Our findings, however, are still limited by the fact that we are not capturing the full range of information exposure: users had access to other sources we do not consider that might have also influenced their decision to join the movement; this unobserved exposure is surely overestimating the influence effects of Twitter activity. The different times of adoption that we analyse suggest that for some users (the early adopters) online activity in Twitter had probably more weight in their decision to join than for others (the late adopters, who needed reinforcement from other sources, probably mass media or offline networks, before displaying their commitment online). Further investigations should consider the relative weight that different sources of information have in shaping individual behaviour.

In addition, future research should consider if our results are robust using time dependent networks. One of the main assumptions of our data is that the network of followers does not change during the period considered; in fact, a significant number of connections are likely to have been created as a result of the mobilization itself. Future work should also address if our findings are platform-dependent or universal to different types of online networks. Recent events, like the riots in London in August 2011, suggest that different online platforms are being used to mobilize different populations31. The question that future research should consider is if the same recruitment patterns apply regardless of the technology being used, or if the affordances of the technology (i.e. public/private by default) shape the collective dynamics that they help coordinate. The replication of these analyses with data covering similar events (like the OccupyWallStreet protests initiated in New York and soon spreading to other U.S. cities) could help determine if the dynamics we identify here can be generalized to different social contexts.

Methods

The data contains time-stamped tweets for the period April 25 to May 25. Messages related to the protests were identified using a list of 70 #hashtags (full list in SI). The collection of messages is restricted to Spanish language and to users connected from Spain and it was archived by a local start-up company, Cierzo Development Ltd using the SMMART Platform. We estimate that our sample captures above a third of the total number of messages exchanged in Twitter related to the protests. The network of followers was reconstructed applying a one-step snowball sampling procedure, using the authors that sent protest messages as the seed nodes. An arc (i,j) in this network means that user i is following the Tweets of user j and we assume that this network is static for the period we consider. The symmetric network filters out all asymmetric arcs, that is, for every arc (i,j) there also needs to be an arc (j,i).

We reconstruct message chains assuming that protest activity is contagious if it takes place in short time windows. We do not have access to re-tweet (RT) information, but since all our messages are related to the 15-M movement, chains refer to the same subject matter (although the precise content of the messages in the same chain might differ). This measurement maps the extent to which the stream of content related to the protests diffuses in given time windows.

The k-shell decomposition assigns a shell index ks to each user by pruning the network down to users with more than k neighbours.
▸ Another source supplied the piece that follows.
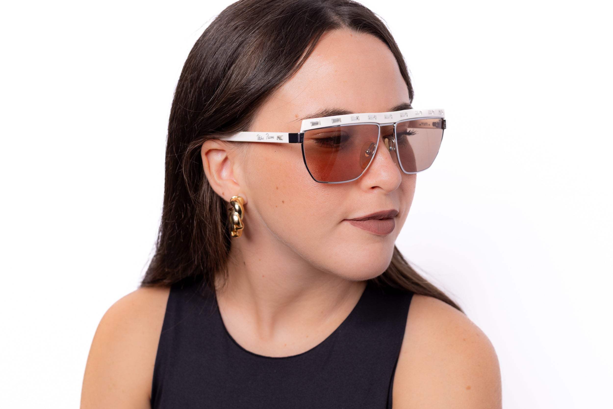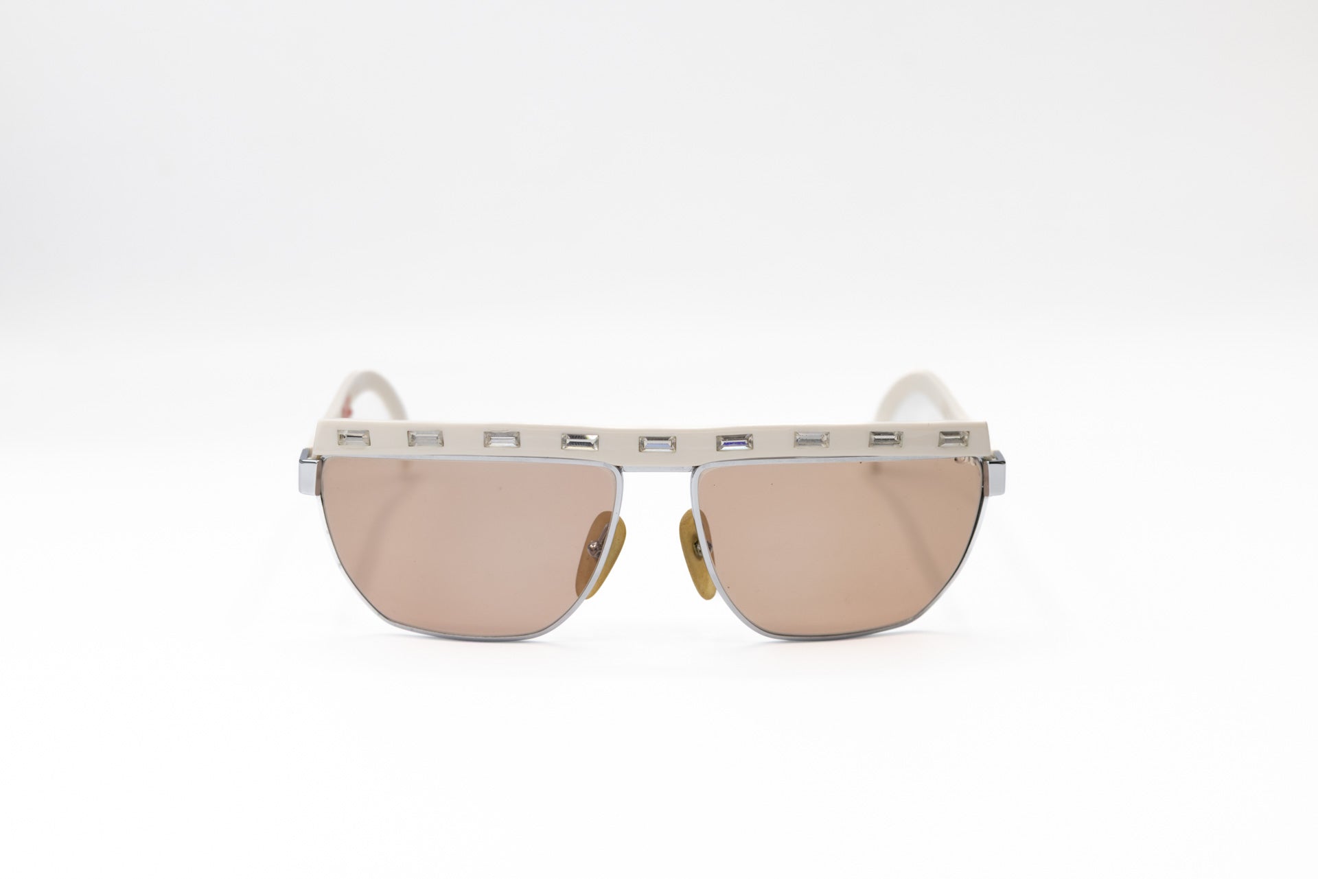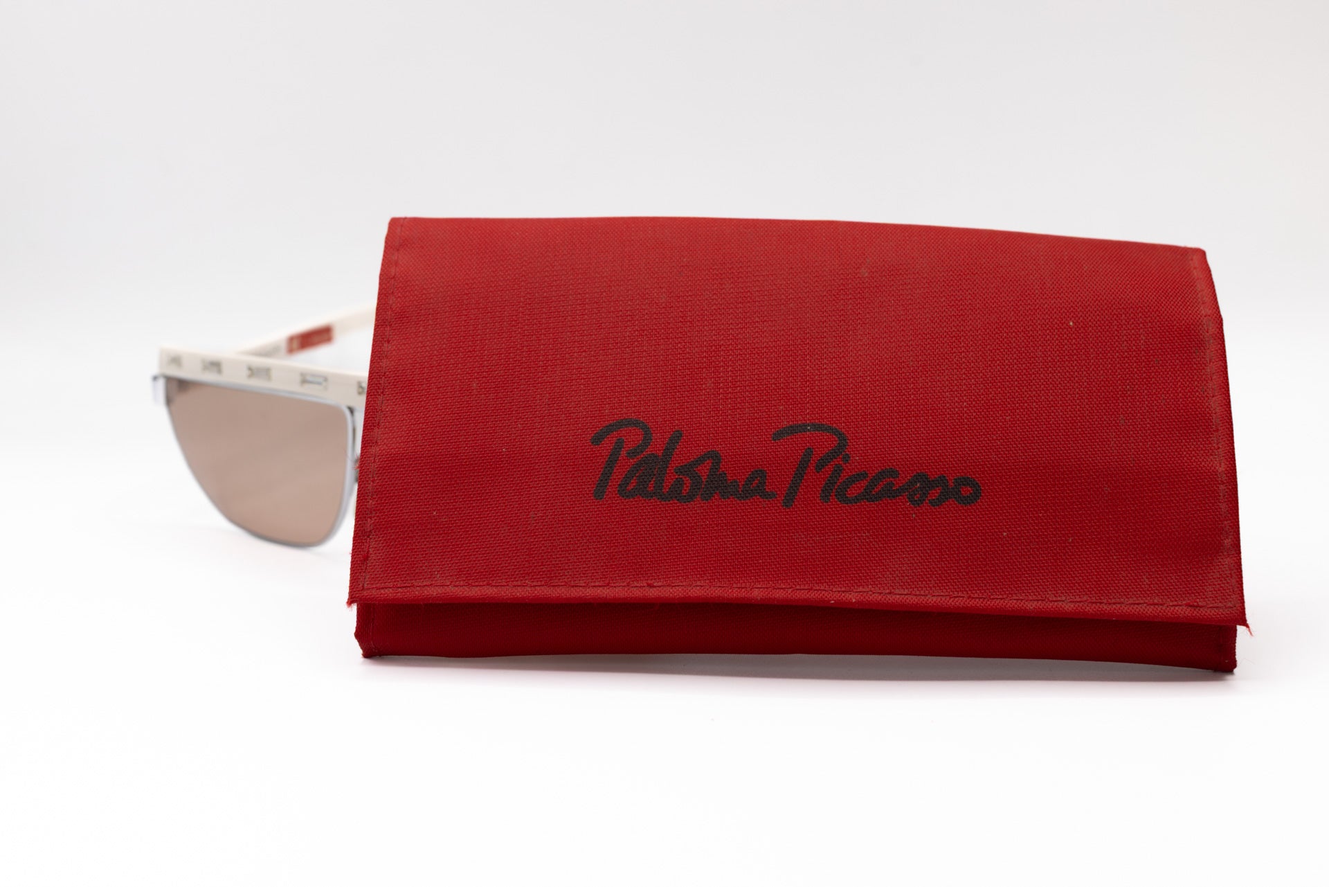 This 90s vintage sunglasses by Paloma Picasso feature a fancy white design, including a metal frame with a top line enhanced by rhinestones and temples in translucent acetate. Comes with original Paloma Picasso red case. Does it get more 90s than this?
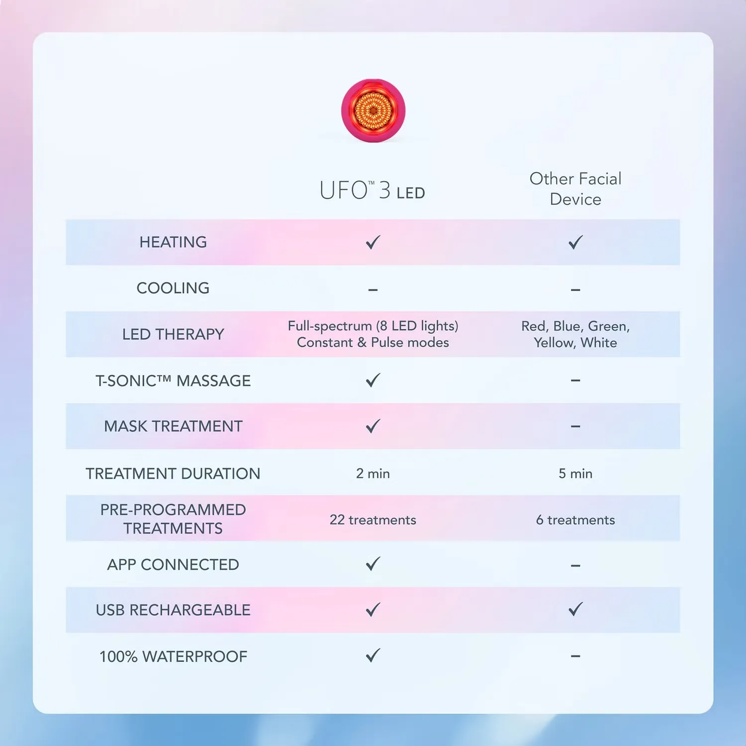 Работая вместе с активированными масками FOREO, светодиодное устройство UFO 3 повышает гидратацию кожи и заметно уменьшает тусклость благодаря передовой технологии светодиодного освещения и термотерапии. Инструмент, известный своими осветляющими свойствами, оснащен светодиодной светотерапией полного спектра (включая красный и ближний инфракрасный диапазон), придающей сияние тусклому, тусклому цвету лица. Нежное тепло помогает оптимально распределить ингредиенты маски, обеспечивая длительное увлажнение и гладкость кожи. Кроме того, технология массажа T-Sonic обеспечивает пульсацию для стимулирующего эффекта, который обеспечивает мгновенное сияние и повышенную влажность после использования.

The process starts removing all nodes with degree k = 1, which are classified (together with their links) in a shell with index ks = 1. Nodes in the next shell, with degree k = 2, are then removed and assigned to ks = 2 and so forth until all nodes are removed (and all users are classified). Shells are layers of centrality in the network: users classified in shells with higher indexes are located at the core, whereas users with lower indexes define the periphery of the network (see SI for details of node classification in shells).